Pictures excluded, output the lines of the data below between the one holding "un peignoir 😱" and the one holding "Placas divertidas com", inclusive, exactly as they stand.

▶ **Task data**:
*** Block opens ***
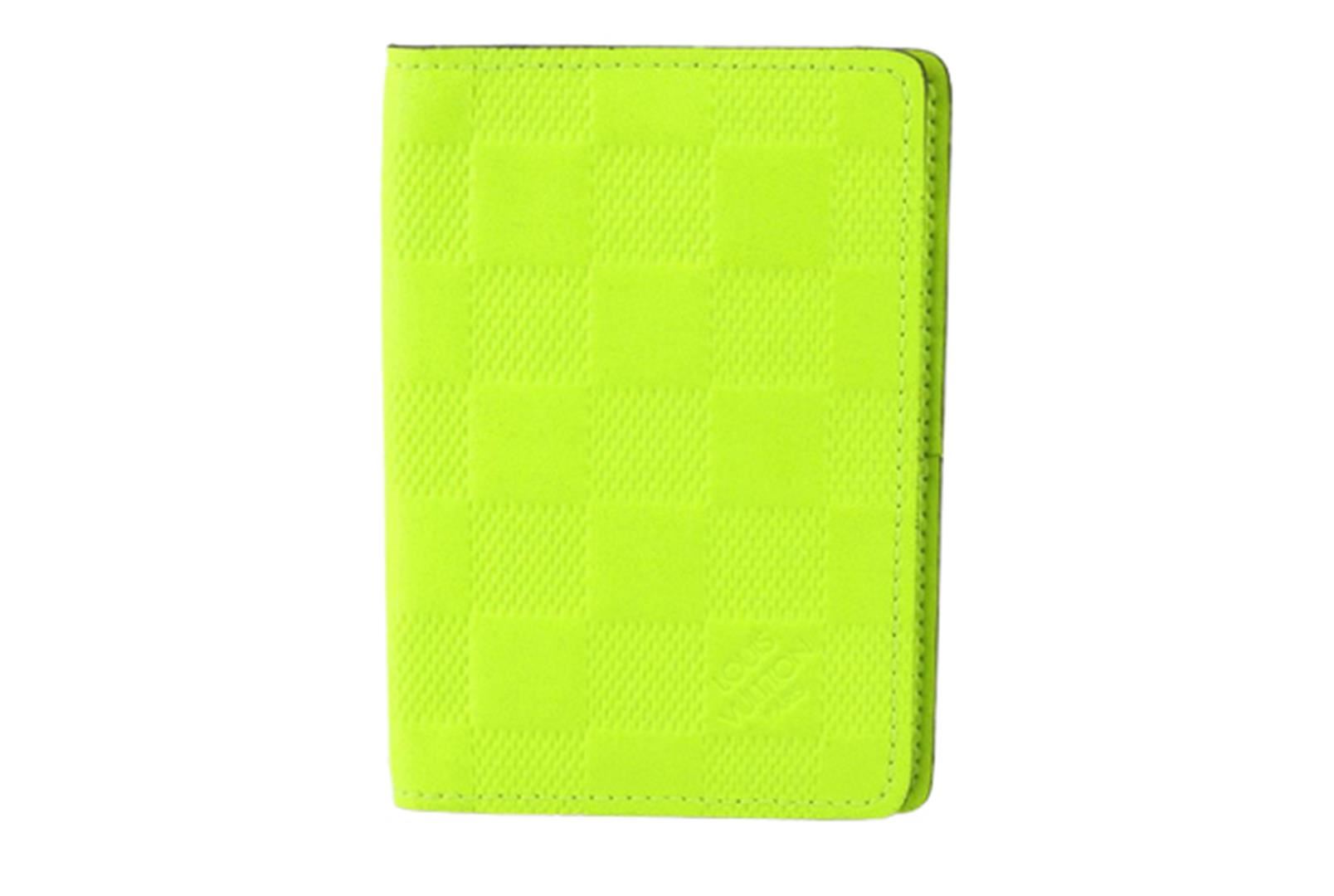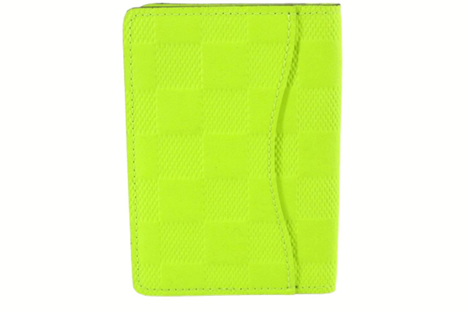 Men's fluorescent yellow Damier Infini leather Louis Vuitton Pocket Organizer with single exterior card slot, tonal leather interior, six interior card slots and flap closure at front. Height: 4.5" Width: 3" Depth: 0.25"
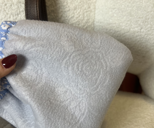 • Doublure moelleuse chinée de seconde main (super fluffy !) : c’était un peignoir 😱
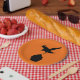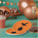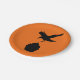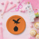 Placas divertidas com as silhuetas de um mergulho de corvo bombardeando um cupcake. Divertido por um chá de fraldas de Halloween ou pela futura mãe gótico.
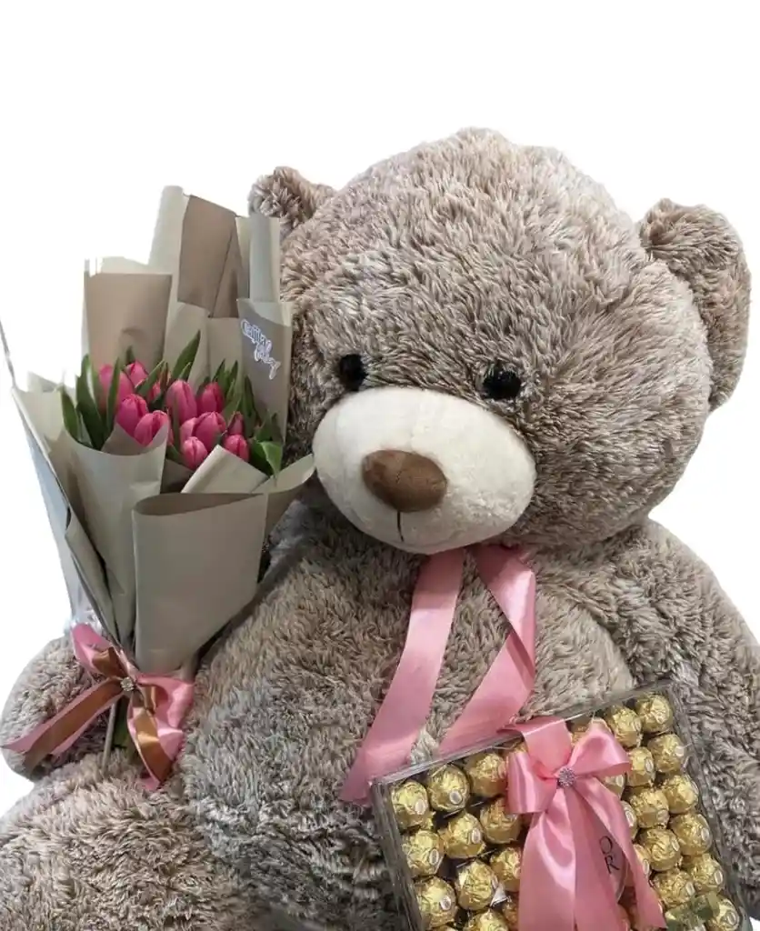 Peluche de gran tamaño acompañado de una elegante caja de chocolates y un arreglo floral delicado de tulipanes . Un regalo completo que combina ternura, dulzura y romanticismo para sorprender en ocasiones especiales. El producto puede ser sustituido dependiendo la disponibilidad “Mensaje Personalizado” máximo de 30 caracteres (Dejar el mensaje en el chat, los comentarios no se previsualizan para la tienda por lo que si se dejan allí no podrá ser incluido).
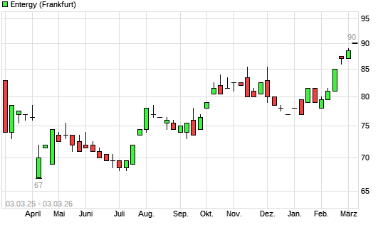 Mit dem Anstieg auf 90,00 EUR hat die Entergy-Aktie (ISIN US29364G1031) am 02.03.2026 ein neues All-Time-High erreicht und damit den Kurs vom 26.02.2026 eingestellt.
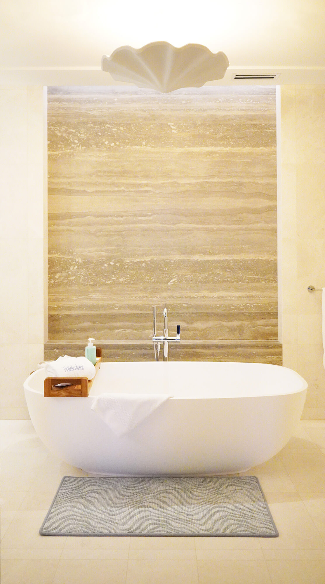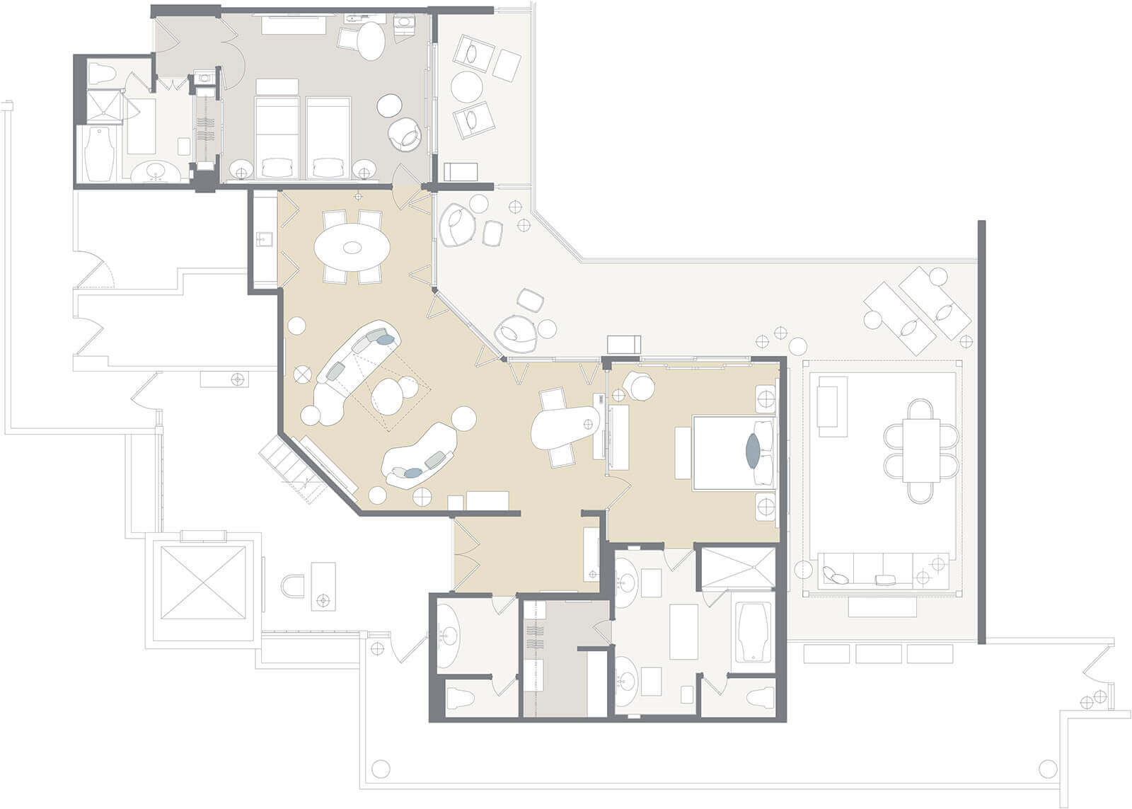 Renowned New York design firm Champalimaud spared no detail in the creation of this suite. From the soaring high ceilings and meticulously crafted finishes to the indulgent modern soaking tub, every element has been thoughtfully designed to offer an unparalleled level of luxury.
*** Block closes ***
▶ **Result of this task**:
 • Doublure moelleuse chinée de seconde main (super fluffy !) : c’était un peignoir 😱
 Placas divertidas com as silhuetas de um mergulho de corvo bombardeando um cupcake. Divertido por um chá de fraldas de Halloween ou pela futura mãe gótico.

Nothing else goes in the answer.